“Wij mogen wel naar binnen hè mam?!” vraagt Sieger verwachtingsvol tijdens het ontbijt. Er staat een afspraak bij de Genderpoli gepland. Eigenlijk gaan alle gesprekken nu online vanwege de Corona-maatregelen, maar dit keer staat er een psychologische test op de planning en die kan niet online, dus wij ‘mogen’ naar het ziekenhuis toe.
Ik heb gemengde gevoelens over deze afspraak. Drie uur lang aan psychologische testen zitten werken. Voor mij zou het al lastig zijn om zo lang mijn concentratie vast te houden. Laat staan voor een negenjarige, met dito spanningsboog. Ik ben bang dat zijn enthousiasme aan het einde van de ochtend is omgeslagen in weerzin en hij dit een vervelende stempel zal drukken op de afspraken die hierna nog zullen volgen.
Onderweg naar het ziekenhuis kan Sieger slecht stil zitten. Ook als we eenmaal in de spreekkamer zitten, blijft hij wiebelen op zijn stoel. Alsof hij ons nog maar eens duidelijk wil maken dat lang stil zitten niet zijn talent is. En dat terwijl ik er niets tegen hem over heb gezegd.
Zit in die tests ook wat beweging?” vraag ik voorzichtig.
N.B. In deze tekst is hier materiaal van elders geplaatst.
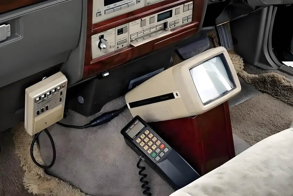 一坐進車內,瞬間穿越到 80 年代科幻電影場景!中控台按鍵密密麻麻乍看眼花,但排列得相當整齊,頗有老式音響控制面板的韻味。最驚奇的是那台小彩色電視,40 年過去插電仍能播放,搭配厚絨布座椅,有著現代大螢幕沒有的溫馨感。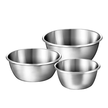 The 3 Piece Satin Finish Stainless Steel Mixing Bowl Set is an essential collection of mixing bowls for any kitchen. Made of durable stainless steel, the mixing bowls come in three different sizes for all your cooking and baking needs.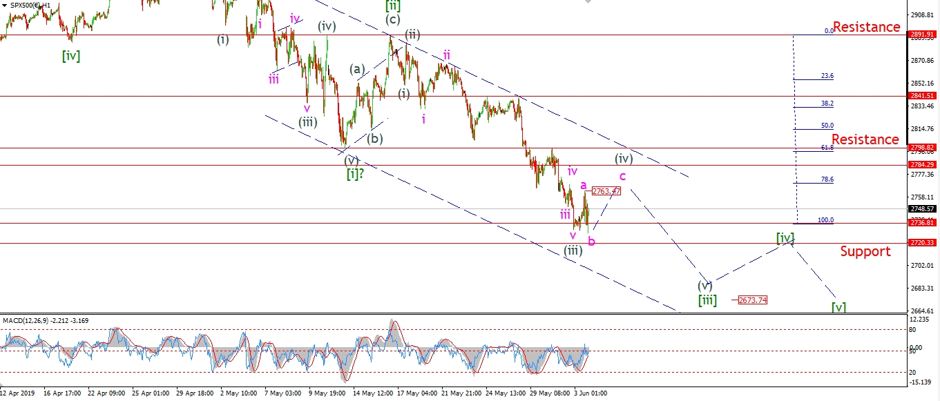 The S&P has made a new low this evening which has broken Fridays wave (iii) low.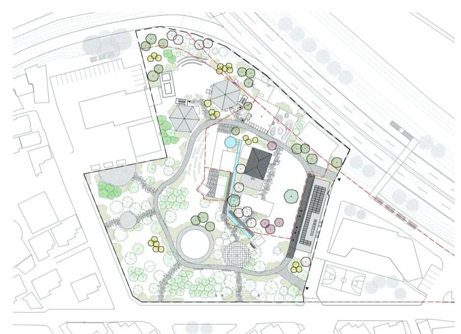 The main goal of landscape design was to re-model the old site into a city garden by integrating a nearby park with the site.

We krijgen uitleg over het onderzoek. Sieger moet een aantal vragenlijsten invullen, een gesprek met de psycholoog voeren en een aantal tests uitvoeren. “Maar dat zijn een soort van spelletjes hoor,” probeert de psycholoog gerust te stellen. “Zit in die tests ook wat beweging?” vraag ik voorzichtig, terwijl ik in mijn rechterooghoek Siegers hoofd op en neer zie gaan alsof hij op een skippybal zit. “Eeehm, nee niet echt, maar we kunnen wel even een pauze houden tussendoor?” stelt hij voor.
Anderhalf uur later komt Sieger huppelend naar mij toe. “Hoe ging het?” vraag ik onderzoekend. Hij knikt van ja, en zijn hele lijf beweegt mee. “Het ging goed, maar hij is nu wel echt aan pauze toe,” zegt de psycholoog met een veelbetekenend een knikje naar mijn druk hupsende zoon. Ik voel bijna medelijden met de beste man: wat een klus om kinderen betrokken en geconcentreerd te houden bij zoiets.
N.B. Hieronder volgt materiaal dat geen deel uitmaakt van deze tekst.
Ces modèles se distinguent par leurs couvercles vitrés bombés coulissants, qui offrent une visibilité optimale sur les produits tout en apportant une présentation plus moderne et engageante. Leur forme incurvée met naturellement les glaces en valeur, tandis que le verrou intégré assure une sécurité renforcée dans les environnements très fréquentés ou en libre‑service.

“Laten we even gaan dansen,” stel ik voor terwijl ik liedjes in de playlist opzoek die hij leuk vindt. Even later klinkt Billie Eilish door de zojuist nog stille wachtkamer. De andere wachtenden zitten gebogen over hun tijdschrift of telefoon en doen net of ze ons niet zien.
Wij staan samen te dansen -of eigenlijk meer springen- op ‘Bad Guy’. Ik zit zelf immers ook al anderhalf uur te verstijven op een wachtkamerbank.
Na een minuutje kijk ik voorzichtig om mij heen om te checken of we niemand tot hinder zijn. Niemand kijkt op of om. Ik kijk weer naar Sieger. Het lijkt erop dat hij helemaal niet zo’n last heeft van het lange stilzitten. Met elk danspasje van Sieger wordt mijn bezorgdheid over eventuele tegenzin om weer naar de Genderpoli te gaan kleiner.
“Waarom lach je mama?”
“Oh gewoon, een binnenpretje, omdat ik blij word van dansen met jou.”